Data provided
--

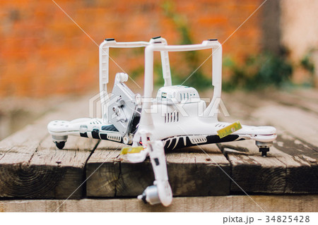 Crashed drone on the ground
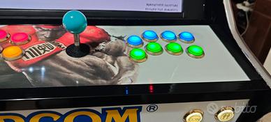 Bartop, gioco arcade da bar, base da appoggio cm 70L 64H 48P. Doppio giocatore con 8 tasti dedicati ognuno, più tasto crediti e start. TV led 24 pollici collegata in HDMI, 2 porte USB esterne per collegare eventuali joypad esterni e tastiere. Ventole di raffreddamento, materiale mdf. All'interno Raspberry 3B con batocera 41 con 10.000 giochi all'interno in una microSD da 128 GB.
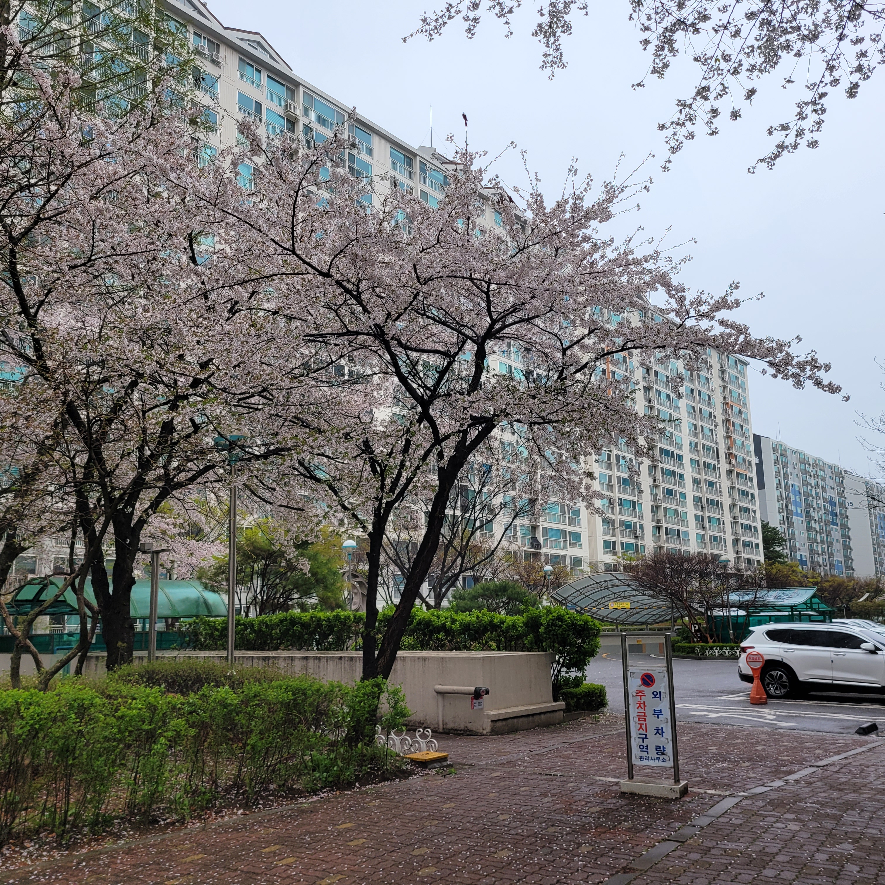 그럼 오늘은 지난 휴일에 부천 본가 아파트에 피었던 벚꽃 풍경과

--

Directions
Only the pictures stay behind; everything else in the data above is to be retyped exactly.

Exercise answer
 Crashed drone on the ground
 Bartop, gioco arcade da bar, base da appoggio cm 70L 64H 48P. Doppio giocatore con 8 tasti dedicati ognuno, più tasto crediti e start. TV led 24 pollici collegata in HDMI, 2 porte USB esterne per collegare eventuali joypad esterni e tastiere. Ventole di raffreddamento, materiale mdf. All'interno Raspberry 3B con batocera 41 con 10.000 giochi all'interno in una microSD da 128 GB.
 그럼 오늘은 지난 휴일에 부천 본가 아파트에 피었던 벚꽃 풍경과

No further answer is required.